Secondary Outcome Measures :
  1. Number of Participants with Solicited Local Adverse Events Following the Booster Vaccine [ Time Frame: 7 days after booster vaccination ]
    During Part 1, booster vaccinations will be administered to participants in Group 3 and a sub-group of participants in Group 4.

  2. Intensity of Solicited Local Adverse Events per the FDA Toxicity Grading Scale Following the Booster Vaccine [ Time Frame: 7 days after booster vaccination ]
    During Part 1, booster vaccinations will be administered to participants in Group 3 and a sub-group of participants in Group 4.

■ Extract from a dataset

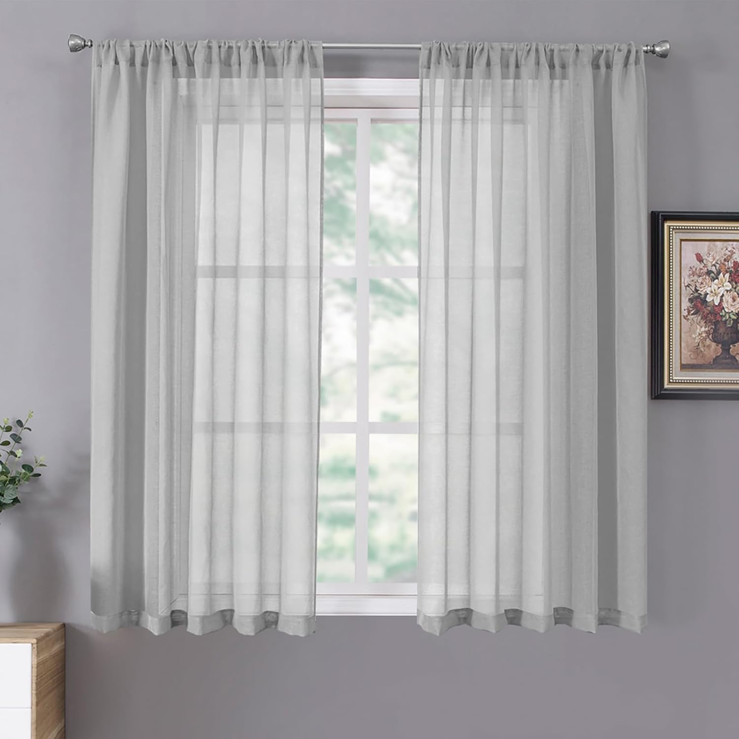 Tollpiz Short Sheer Curtain Linen Textured Living Room Curtains Sheer Light Filtering Rod Pocket Voile Curtain for Bedroom, 42 x 54 inches Long, Silver Grey, Set of 2 Panels
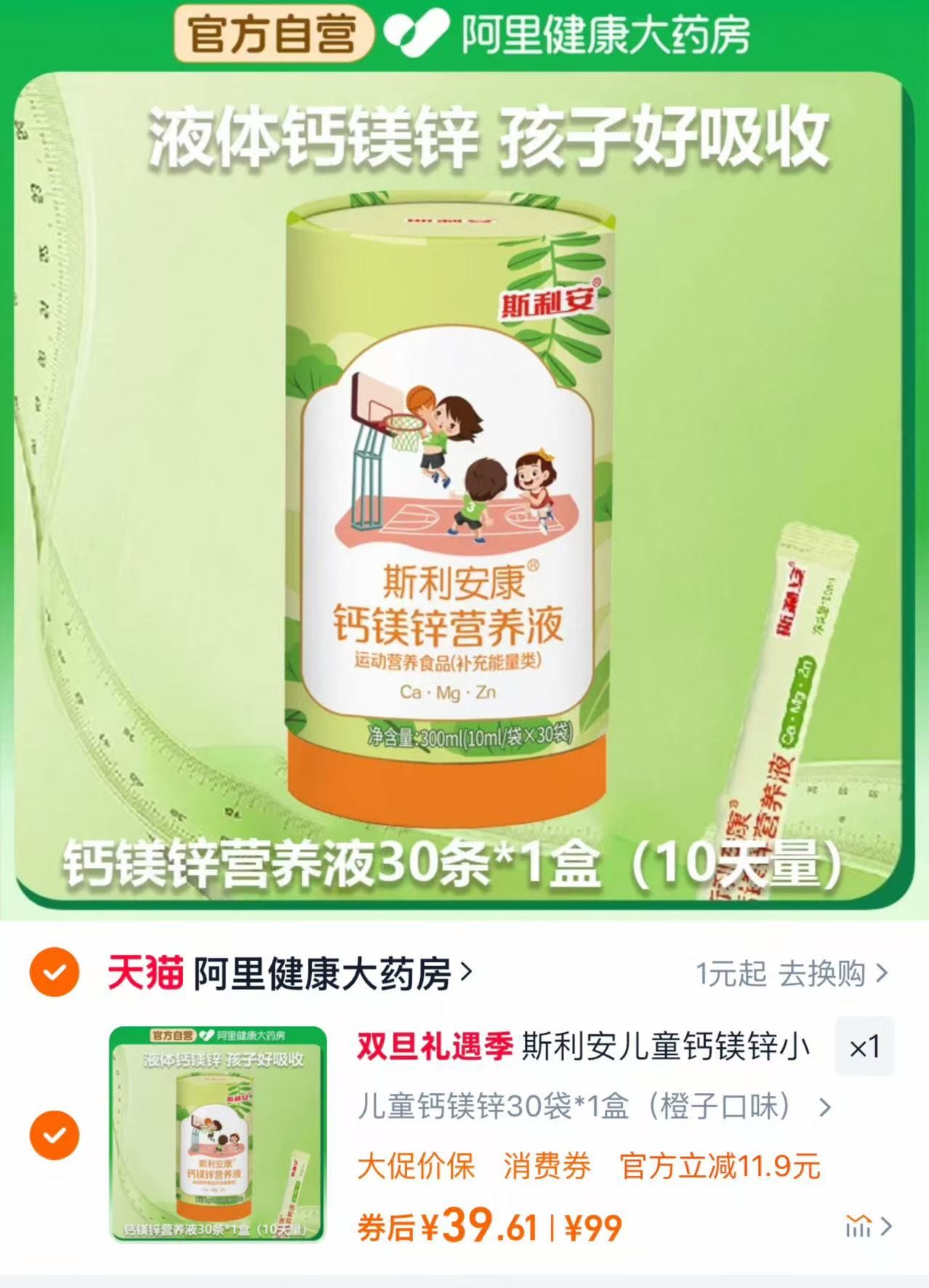 斯利安钙镁锌小金条30条,淘金币频道加购,凑单200-25消费券,88vip付【39.6】

  3. Duration of Solicited Local Adverse Events Following the Booster Vaccine [ Time Frame: 7 days after booster vaccination ]
    During Part 1, booster vaccinations will be administered to participants in Group 3 and a sub-group of participants in Group 4.

  4. Number of Participants with Solicited Systemic Adverse Events Following the Booster Vaccine [ Time Frame: 7 days after booster vaccination ]
    During Part 1, booster vaccinations will be administered to participants in Group 3 and a sub-group of participants in Group 4.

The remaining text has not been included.